Read CSV File Very Fast

Question

i have a csv file and i have to read this file with only fstream library. There are 8 columns but i will use only first three columns. This file contains 591.000 lines data.

I tried to read like this;

while (retailFile.good()) {
        if (i == 0) continue;
        getline(retailFile, invoiceNo, ';');
        getline(retailFile, stockCode, ';');
        getline(retailFile, desc, ';');
        getline(retailFile, dummy, ';');
        getline(retailFile, dummy, ';');
        getline(retailFile, dummy, ';');
        getline(retailFile, dummy, ';');
        getline(retailFile, dummy);
        i++;
    }

Tried like that - I wasn't too hopeful - it was a complete disappointment.

How can read very fast? It's ridiculous to keep it in an empty variable. Can't we pass that columns?

You are correct. That is a bit wasteful. [Take inspiration from option two of this linked answer](https://stackoverflow.com/a/7868998/4581301) You probably won't find much of an actual speed difference though. Reading files off a disk is usually more time consuming than doing anything with the file (unless you do a lot of stuff with the file's data) — user4581301, Dec 21 '19 at 19:57
Note: `while (retailFile.good())` shares a number of problems with [Why is iostream::eof inside a loop condition (i.e. `while (!stream.eof())`) considered wrong?](https://stackoverflow.com/questions/5605125/why-is-iostreameof-inside-a-loop-condition-i-e-while-stream-eof-cons) — user4581301, Dec 21 '19 at 20:01
Addition to my first comment: To find the end of the line, you have to read through all of the columns in the line looking for the end of the line. This is unavoidable. — user4581301, Dec 21 '19 at 20:06
Did you try the optimized / release build. Debug builds can be much slower. I have seen cases where Visual Studio the Debug build took 100 times as long as Release in a particular algorithm. — drescherjm, Dec 21 '19 at 20:10
*It's ridiculous to keep it in an empty variable.* -- Please clarify what this is supposed to mean. A compiler's optimizer would more than likely just throw away the unused variable. — PaulMcKenzie, Dec 21 '19 at 20:11

user4581301 · Accepted Answer · 2019-12-21T20:25:50.040

To find the end of the line, you have to read through all of the columns in the line looking for the end of the line. This is unavoidable. You do not have to process those unwanted fields though.
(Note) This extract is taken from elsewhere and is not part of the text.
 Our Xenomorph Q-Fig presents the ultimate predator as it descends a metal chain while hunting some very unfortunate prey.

Taking inspiration from option two of this linked answer I get something like

//discard first line without looking at it. 
if (retailFile.ignore(std::numeric_limits<std::streamsize>::max(), '\n')
{ // ALWAYS test IO transactions to make sure they worked, even something as 
  // trivial as ignoring the input. 

    std::string line;
    while (std::getline(retailFile, line))
    { // read the whole line
        // wrap the line in a stream for easy parsing
        std::istringstream stream (line);
        if (std::getline(retailFile, invoiceNo, ';') && 
            std::getline(retailFile, stockCode, ';') &&
            std::getline(retailFile, desc, ';'))
        { // successfully read all three required columns
          // Do not use anything you read until after you know it is good. Not 
          // checking leads to bugs and malware.
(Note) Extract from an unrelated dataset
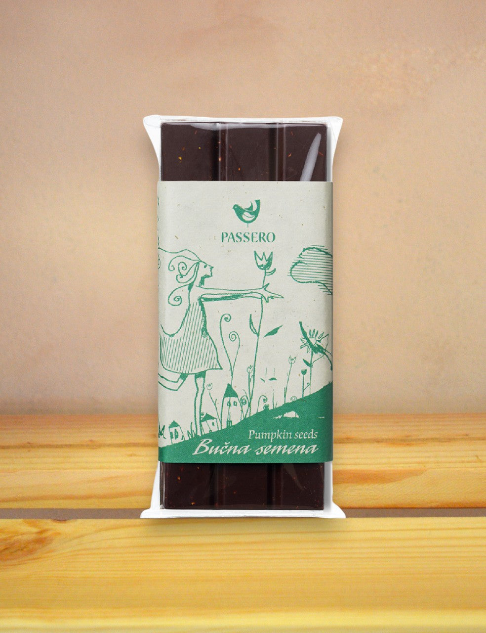 Spoznaj Passero temno čokoladico z bučnimi semeni, ki združuje intenzivno aromo temne čokolade s prijetno hrustljavostjo in naravno energijo bučnih semen. To je popolna izbira za ljubitelje temne čokolade, ki iščejo bogat okus in zdrav, hranljiv dodatek.

          // strongly consider doing something with the variables here. The next loop 
          // iteration will write over them
            i++;
        }
        else
        {
            // failed to find all three columns. You should look into why and 
            // handle accordingly.
        }
    }
}
else
{
    // failed to ignore the line. You should look into why and handle accordingly.
}

You probably won't find much of an actual speed difference. Reading files off a disk is usually more time consuming than doing anything with the file unless you do a lot of stuff with the file's data after reading it. There are potentially faster ways to do the splitting of the line, but again the difference is probably buried in the cost of reading the file in the first place.

A M · Answer 2 · 2019-12-22T08:56:03.020

The question is: What is fast?

In the below demo, I create I file with 591.000 lines. Size is 74MB.

Then I set a bigger input buffer for the std::ifstream, read all lines, parse them, and copy the first 3 entries into the resulting vector. The rest I do ignore.

To avoid that the result is optimized away, I show 50 lines of output.

VS2019, C++17, Release Mode, all optimizations on.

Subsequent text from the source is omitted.